You will need five things to run GASpy:

  1. a locally cloned version of this repository,

  2. Docker,

  3. a MongoDB server,

  4. FireWorks set up on your computing cluster(s), and

  5. A properly configured .gaspyrc.json file placed in your local GASpy folder.


Our image---ulissigroup/gaspy---contains the infrastructure that we use to run our code. Note that this image does not actually contain the GASpy source code. If it did, we would need to constantly rebuild the image, because we are constantly changing and redeveloping GASpy. We instead mount our local repository to the container that we use to run our code: docker run -v "/local/path/to/GASpy:/home/GASpy" ulissigroup/gaspy:latest foo You can also see how we open an interactive Docker container here.


You will need to set up your own Mongo database and then put the appropriate information into your .gaspyrc.json file. You will need to make an atoms collection in your database, which will contain one document for every DFT calculation you run. You will also need an adsorption collection that will contain one document for every adsorption energy you calculate, and a relaxed_bulk_catalog collection that will contain one document for every adsorption site you enumerate using this script.

We also have read-only mirrors to our catalog collections that allow for faster reading. If you do not want to set this up, simply re-enter your catalog collection's information into the readonly sections of the .gaspyrc.json file.


GASpy only submits jobs to FireWorks. You will need to set up your own FireWorks database and rocket launchers on your computing clusters. You will also need to enter the appropriate FireWorks data into the lpad* sections of your gaspyrc.json file.

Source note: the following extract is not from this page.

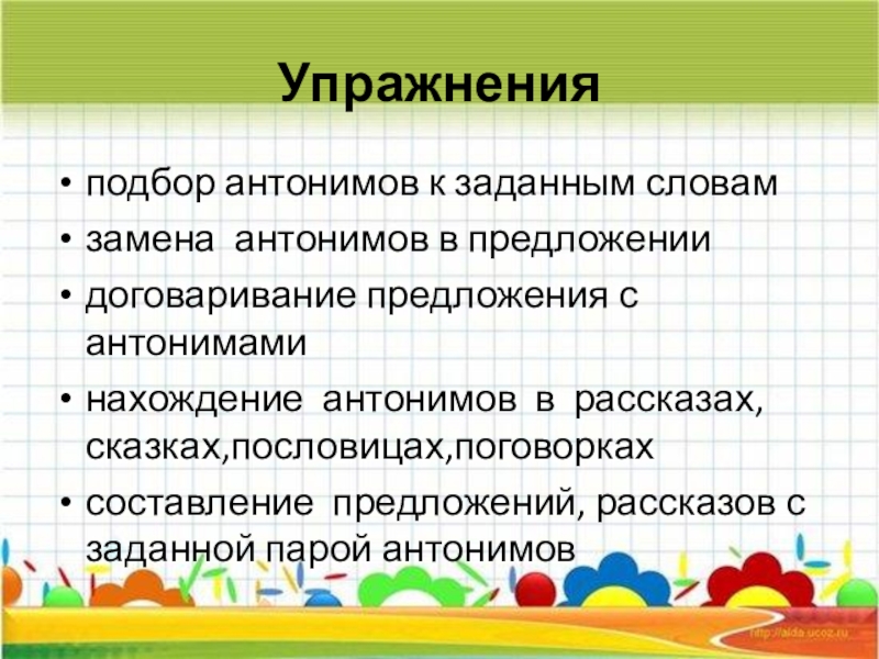 нахождение антонимов в рассказах, сказках,пословицах,поговорках
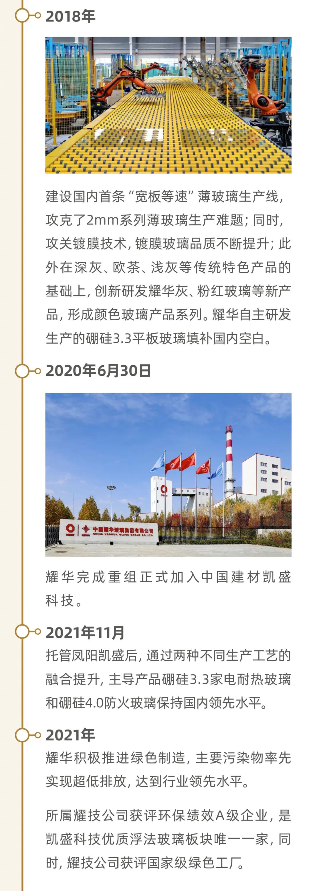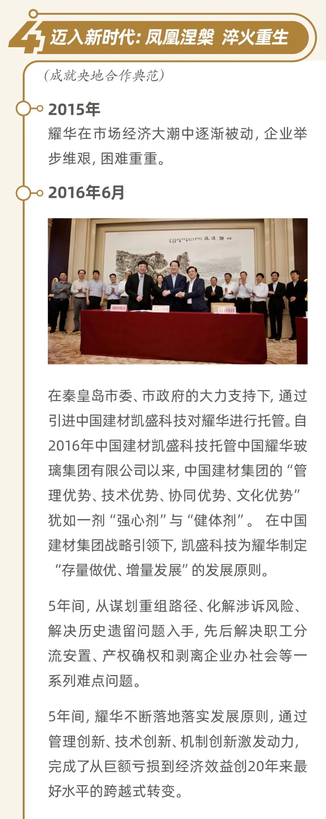 2015年以来,耀华在市场经济大潮中逐渐被动,为帮助耀华走出困境,彩票论坛 和凯盛科技承担起了这个历史重任。2020年6月30日,耀华完成重组正式加入足彩论坛 凯盛科技。由此,耀华驶入高质量发展快车道,百年企业重新焕发出生机和活力,成为央地合作的典范。

In addition to the aforementioned items you need to populate in your .gaspyrc.json file, you will also need to set up a few other things:

  • A dedicated folder to store the pickle files that Luigi will use to manage the task dependencies. This folder should be put it the gasdb_path field.
  • A constantly running Luigi daemon. You can do this by simply running nohup docker run -v "/local/path/to/GASpy:/home/GASpy" ulissigorup/gaspy:latest /miniconda3/bin/luigid &. Then you enter the IP address of the machine that you ran that command on into the luigi_host field.
  • You will need to get an API key from The Materials Project and then enter it into the matproj_api_key field

You may notice the gasdb_server field. We use that to interface with a web-based data viewing service that we still have under development. You will not need to populate this field.


You may notice that we have two submodules: GASpy_regressions and GASpy_feedback. We use our regression submodule to analyze and perform regressions on our DFT data, and we use our feedback submodule to choose which calculations to [automatically] perform next.


Active learning across intermetallics to guide discovery of electrocatalysts for CO2 reduction and H2 evolution. Note that the repository which we reference in this paper is version 0.1 of GASpy, which can stil be found here.


Current GASpy version: 0.20

For an up-to-date list of our software dependencies, you can simply check out how we build our docker image here.